So the code is the same that we have written. I agree it is cleaner
to use __raw_readl but it doesn't add anything about the ordering.

It is the same for the use of the volatile, it ensures that the compiler
will always produce a operation to read the data in memory, but it is
not about ordering.

As you suggested I will use rmb();

>> +static inline int hal_vcoreiii_train_bytelane(u32 bytelane)
>> +{
>> +	register int res;
>> +	register u32 dqs_s;
>> +
>> +	set_dly(bytelane, 0);	// Start training at DQS=0
>
> no C++ style comments

OK

>
>> +	while ((res = look_for(bytelane)) == DDR_TRAIN_CONTINUE)
>> +		;
>> +	if (res != DDR_TRAIN_OK)
>> +		return res;
>> +
>> +	dqs_s = readl(BASE_CFG + ICPU_MEMCTRL_DQS_DLY(bytelane));
>> +	while ((res = look_past(bytelane)) == DDR_TRAIN_CONTINUE)
>> +		;
>> +	if (res != DDR_TRAIN_OK)
>> +		return res;
>> +	/* Reset FIFO - for good measure */
>> +	memphy_soft_reset();
>> +	/* Adjust to center [dqs_s;cur] */
>> +	center_dly(bytelane, dqs_s);
>> +	return DDR_TRAIN_OK;
>> +}
>> +
>> +/* This algorithm is converted from the TCL training algorithm used
>> + * during silicon simulation.
>> + * NB: Assumes inlining as no stack is available!
>> + */
>> +static inline int hal_vcoreiii_init_dqs(void)
>> +{
>> +#define MAX_DQS 32
>> +	register u32 i, j;
>> +
>> +	for (i = 0; i < MAX_DQS; i++) {
>> +		set_dly(0, i);	// Byte-lane 0
>
> no C++ style comments

OK

>
>> +		for (j = 0; j < MAX_DQS; j++) {
>> +			register u32 __attribute__ ((unused)) byte;
>
> why unused? If you really need it, you could use __maybe_unused

Because the purpose of this variable is just to access the memory, we
don't do nothing of the value read, and gcc complain about it. But as
you suggest I will use __maybe_unused.

>
>> +			set_dly(1, j);	// Byte-lane 1
>> +			/* Reset FIFO in case any previous access failed */
>> +			memphy_soft_reset();
>> +			writel(readl(BASE_CFG + ICPU_MEMCTRL_STAT),
>> +			       BASE_CFG + ICPU_MEMCTRL_STAT);
>> +			byte = ((volatile u8 *)MSCC_DDR_TO)[0];
>> +			byte = ((volatile u8 *)MSCC_DDR_TO)[1];
>> +			if (!(readl(BASE_CFG + ICPU_MEMCTRL_STAT) &
>> +			    (ICPU_MEMCTRL_STAT_RDATA_MASKED |
>> +			     ICPU_MEMCTRL_STAT_RDATA_DUMMY)))
>> +				return 0;
>> +		}
>> +	}
>> +	return -1;
>> +}
>> +
>> +static inline int dram_check(void)
>> +{
>> +#define DDR ((volatile u32 *) MSCC_DDR_TO)
>> +	register u32 i;
>> +
>> +	for (i = 0; i < 8; i++) {
>> +		DDR[i] = ~i;
>> +		if (DDR[i] != ~i)
>
> __raw_readl(), __raw_writel() and drop the explicit volatile?

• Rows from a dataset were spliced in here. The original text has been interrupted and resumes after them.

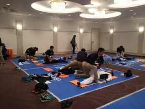 本校卒業生で講師を務める米本先生が所属するルートヴィガー様ご協力のもと、ランナーの皆さまへパートナーストレッチを施しました。
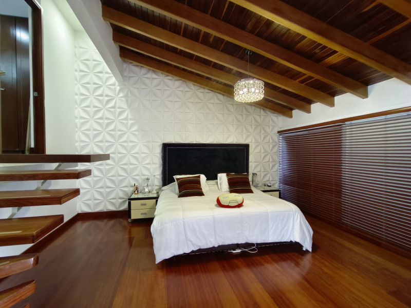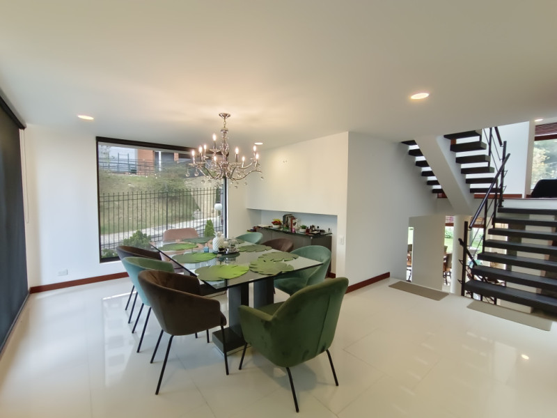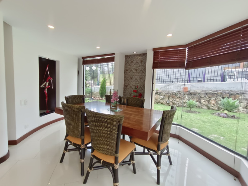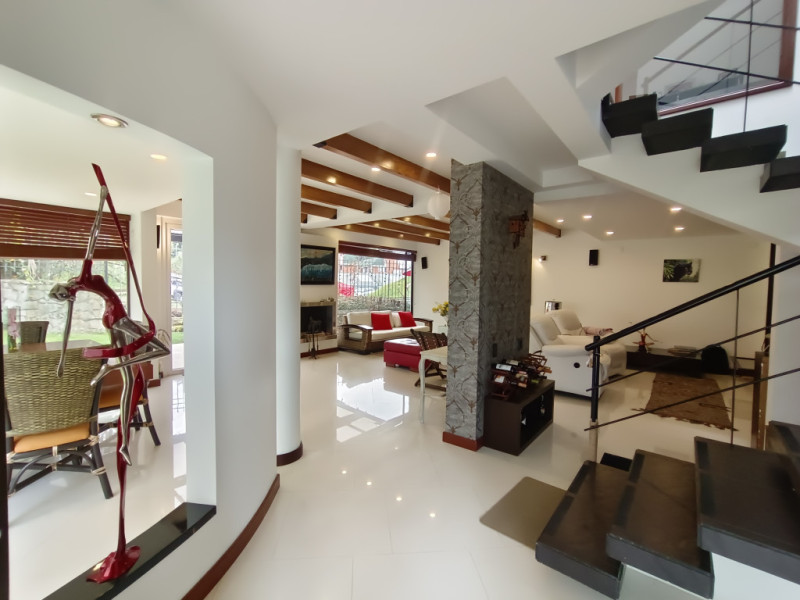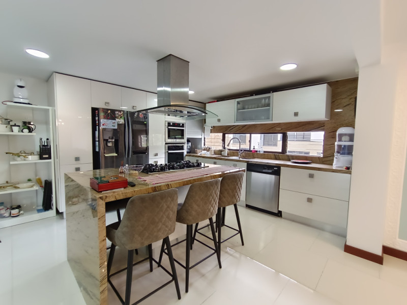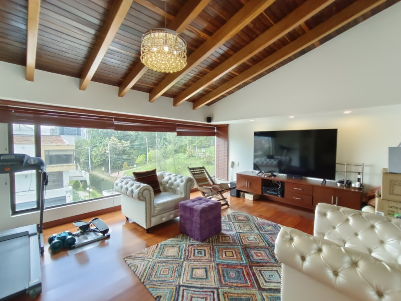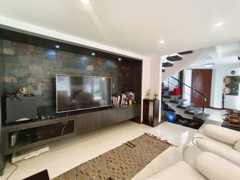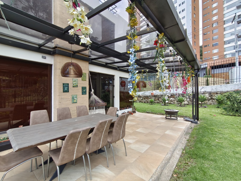 vendo Casa moderna en niveles, ubicada en los cerros orientales del norte de Bogotá, esta casa de 350 mts2, cuenta con 4 habitaciones, todas con baño en suite. Amplias zonas sociales como lo son sala con área de tv, 2 áreas de comedor independiente, cocina abierta totalmente equipada, la casa tiene turco y jacuzzi privados. En el exterior pérgola con amplias zonas verdes para que goces de momentos inolvidables en familia. Estacionamiento cubierto con cargador para vehículo eléctrico, caldera de agua caliente, piso con calefacción radiante, jacuzzi y turco en la casa. Zona para el servicio con cuarto y baño. Amplia zona de lavandería. El conjunto cuenta con capilla, CCTV, portería 24 horas, muy cerca de la carrera séptima, la calle 147 y la calle 153. Supermercados, colegios y universidades muy próximos. Ven y conoce tu nueva casa!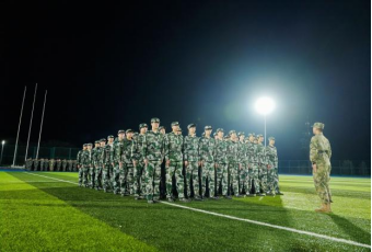 立正时,大家收腹挺胸、下颌微收,保持着纹丝不动的站姿;稍息、跨立动作干脆利落,展现出良好的纪律意识;停止间转法中,转体时的动作整齐划一,铿锵有力;齐步前进环节,同学们步幅统一、摆臂规范,脚步声与口号声相互呼应,响彻夜空;敬礼动作标准庄重,眼神中满是对军人的崇敬与对集体荣誉的珍视。每一个动作都凝聚着连日来的汗水与努力,每一个细节都彰显着同学们的成长与蜕变。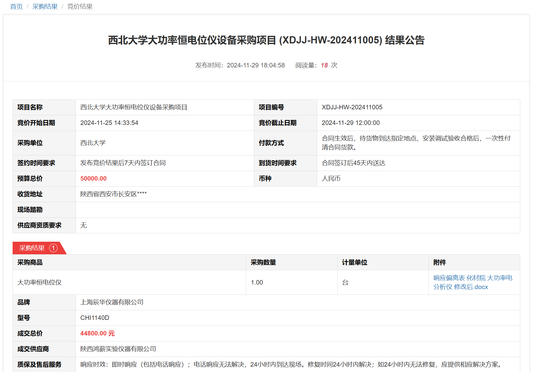 广发体育大功率恒电位仪设备采购项目(XDJJ-HW-202411005)竞价结果公告 作者:采购与招标办公室 编辑: 时间:2024-11-29 原公告链接:https://www.ejingcai.com.cn/site/bidding/detail/15509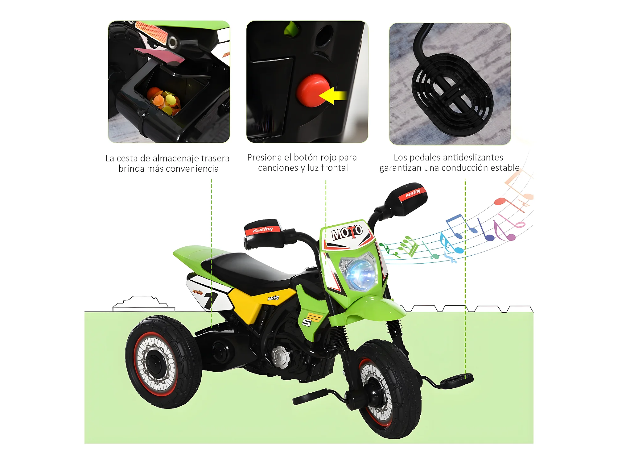 Moto eléctrica para niños verde 66.5x38x52 cm HOMCOM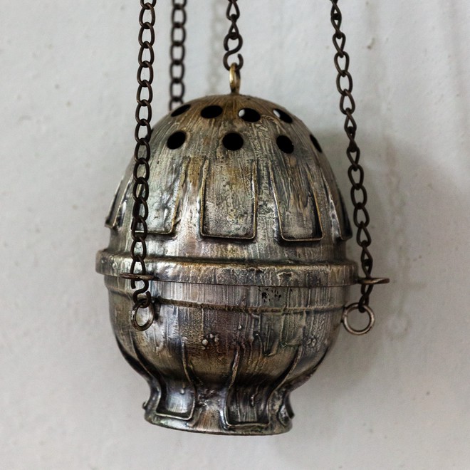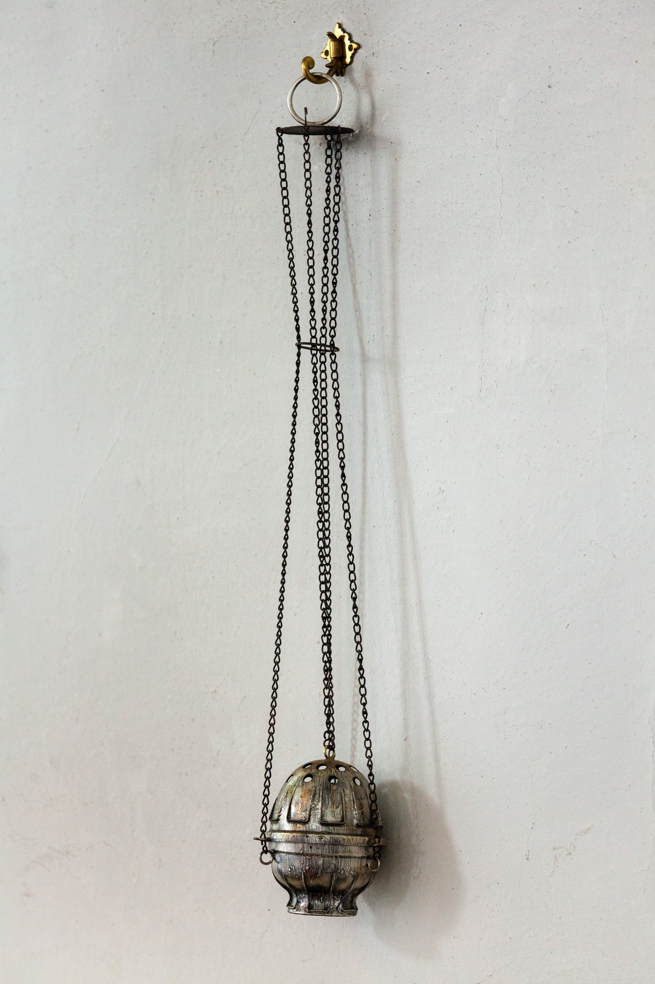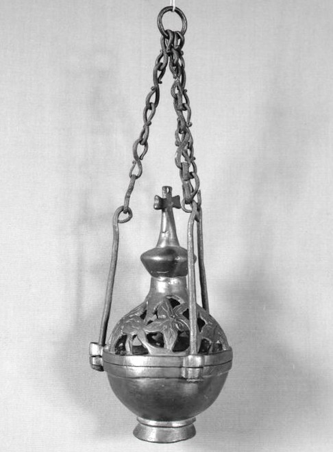 Røgelseskar af malm ophængt i tre jernkæder. Kugleformet. Den øverste del i gennembrudt arbejde i form af blade. Øverst et kors. Middelalderen.

Yes, as explain above, it s done now.

>> +
>> +/*
>> + * Target offset base(s)
>> + */
>> +#define MSCC_IO_ORIGIN1_OFFSET 0x70000000
>> +#define MSCC_IO_ORIGIN1_SIZE   0x00200000
>> +#define MSCC_IO_ORIGIN2_OFFSET 0x71000000
>> +#define MSCC_IO_ORIGIN2_SIZE   0x01000000
>> +#define BASE_CFG        ((void __iomem *)0x70000000)
>> +#define BASE_DEVCPU_GCB ((void __iomem *)0x71070000)
>
> Would it be possible on that SoC to define those register offsets as
> simple physical address and create the mapping when needed?
> For example:
>
> void foo()
> {
>     void __iomem *base_cfg = ioremap(BASE_CFG, ...);
>     writel(base_cfg + XXX, 0);
> }

Actually creating the mapping is just casting the physical address in an
(void __iomem *), see our plat_ioremap.

Calling ioremap in every function will just grow them with little
benefit.

If you really want it, what I could is sharing void __iomem *base_cfg
and void __iomem *base_devcpu_gcb at platform level, and initialize them
only once very early during the boot.

>> +LEAF(lowlevel_init)
>> +	/*
>> +	 * As we have no stack yet, we can assume the restricted
>> +	 * luxury of the sX-registers without saving them
>> +	 */
>> +	move	s0,ra
>> +
>> +	jal	vcoreiii_tlb_init
>> +	nop
>
> we use the same style as Linux MIPS where instructions in the delay slot
> should be indented by an extra space.

OK

Thanks,

Gregory

-- 
Gregory Clement, Bootlin
Embedded Linux and Kernel engineering
http://bootlin.com